110 Archives de Névrologie, vii. p. 44.
The Family Form of Tabes Dorsalis.
SYNONYMS.—Friedreich's disease, the Family form of locomotor ataxia, Hereditary ataxia, Hereditary tabes.
Friedreich discovered a peculiar form of co-ordinating disturbance in a number of children of the same family, which he brought into relation with a lesion of the posterior columns, and which has been since found by him and by subsequent observers to occur in other cases, always affecting several members of the same family, as in the first case observed by him. The clinical and pathological features, though resembling those of the tabes dorsalis of adults in many respects, are distinct in others, and for this reason it is generally assigned a separate place in classification.
ETIOLOGY.—The disorder is usually manifested in juvenile life, the age of the affected subjects varying from the seventh to the twenty-fifth year. The male sex preponderates in the statistics of the affection. Some neuropathic vice can always be found in the patient's immediate ancestry, and the limitation of the disease to families burdened by such a diathesis is exemplified in the fact that the ninety individual cases thus far accurately studied occurred in thirty-six families.111 The disease type of the ancestors of the patients is usually different from that of the latter. Alcoholism in the father is one of the commonest forms, but convulsions, hysteria, and insanity are also frequent features of the family history. In a few cases tabes dorsalis, properly so called, was present in the father. In others there was consanguinity of the father and mother. In Musso's group the parents had been brother and sister, and their mother had been a melancholic dement. Three other grandchildren and six grandchildren by the incestuous marriage developed the family form of tabes. In this family the frequent experience of hereditary transmission was verified—that the neurotic taint skipped the intermediate generations.
111 Raffaele Vizzioli, Giornale di Neuropatologia, 1885.
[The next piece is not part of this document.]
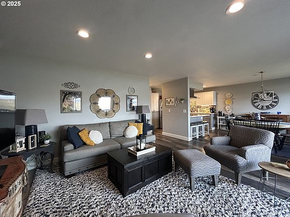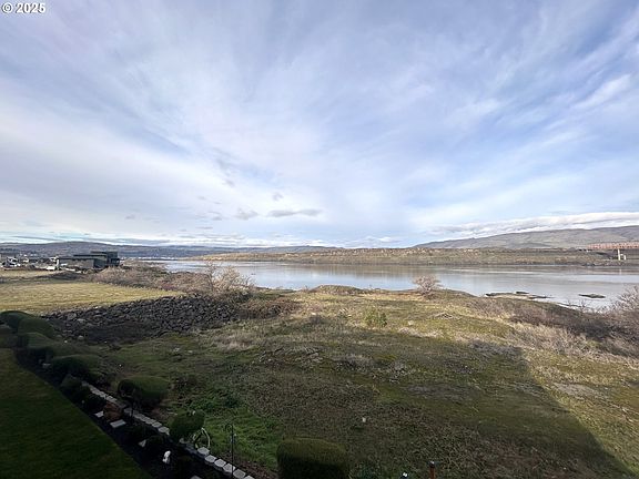 Take in breathtaking views of the River and WA hills in this beautifully maintained 2 bed, 2 bath top floor condo. This end unit has an updated kitchen with tile backsplash, quartz countertops, and range hood along with updated bathrooms and flooring. There is a small office space off the open floor plan living and dining area. Comfortably sized bedrooms with the primary bedroom having an attached bathroom and large walk-in closet. There is a detached garage that goes along with this unit making it the complete package for your home in The Dalles!

CLINICAL HISTORY.—Usually the first symptom is ataxia of the lower extremities; occasionally this is preceded by severe frontal headache or by vague rheumatoid pains. The inco-ordination is very similar to that of true tabes dorsalis, but swaying on closing the eyes is not noticed early in the disease, as in the latter affection. The arms soon become involved in the ataxia, but cutaneous sensibility and the muscular sense remain either intact or nearly so—a fact utilized with some success by Erb in polemicizing against the theory of Leyden that the ataxia of tabes is due to imperfect sensation. Later in the disease, usually after a few years, a peculiar speech-disturbance is noticed, which resembles the scanning of disseminated sclerosis. It depends on ataxia of the tongue and lips. This is usually associated with nystagmus. About this time the patient develops a different set of motor symptoms from those characterizing the onset of the disease; contractures, paralysis, and atrophy are found in the affected extremities; sometimes the patients cannot ascend a stair, owing to their inability to lift the feet high enough. Pes equino-varus, deformity of other joints and of the vertebral column, have been observed112 to result from the associated effects of paralysis and contracture. At this stage some sensory disturbance may be developed, formication having been observed toward the close of the history in a number of cases. But the distribution of this disturbance is usually different from that of tabes dorsalis, being more intense in the trunk than in the extremities or evenly marked in the entire periphery.
112 H. E. Smith, Boston Medical and Surgical Journal, 1885, vol. cxiii. p. 361.
COURSE AND PROGNOSIS.—The progress of this disease is slow. It has not yet been known to be arrested by any therapeutical procedure. Death rarely occurs directly from the disease by exhaustion; more commonly life is cut short by some intercurrent affection. Unless this occurs the patients may survive the commencement of the illness from eight to forty and more years.
MORBID ANATOMY.—The sclerosis which is found to be the constant lesion underlying this disease corresponds in every character to a combined sclerosis of the pyramid tracts and the posterior columns. Usually, the crossed-pyramid tract is degenerated in its spinal course, and the uncrossed in the cervical and dorsal part, which, in many subjects at least, is its whole extent. The cerebral part of the pyramid tract is not affected. The nerve-fibres found normally in the gray substance are materially reduced, probably in dependence upon the atrophy of the great nerve-tracts.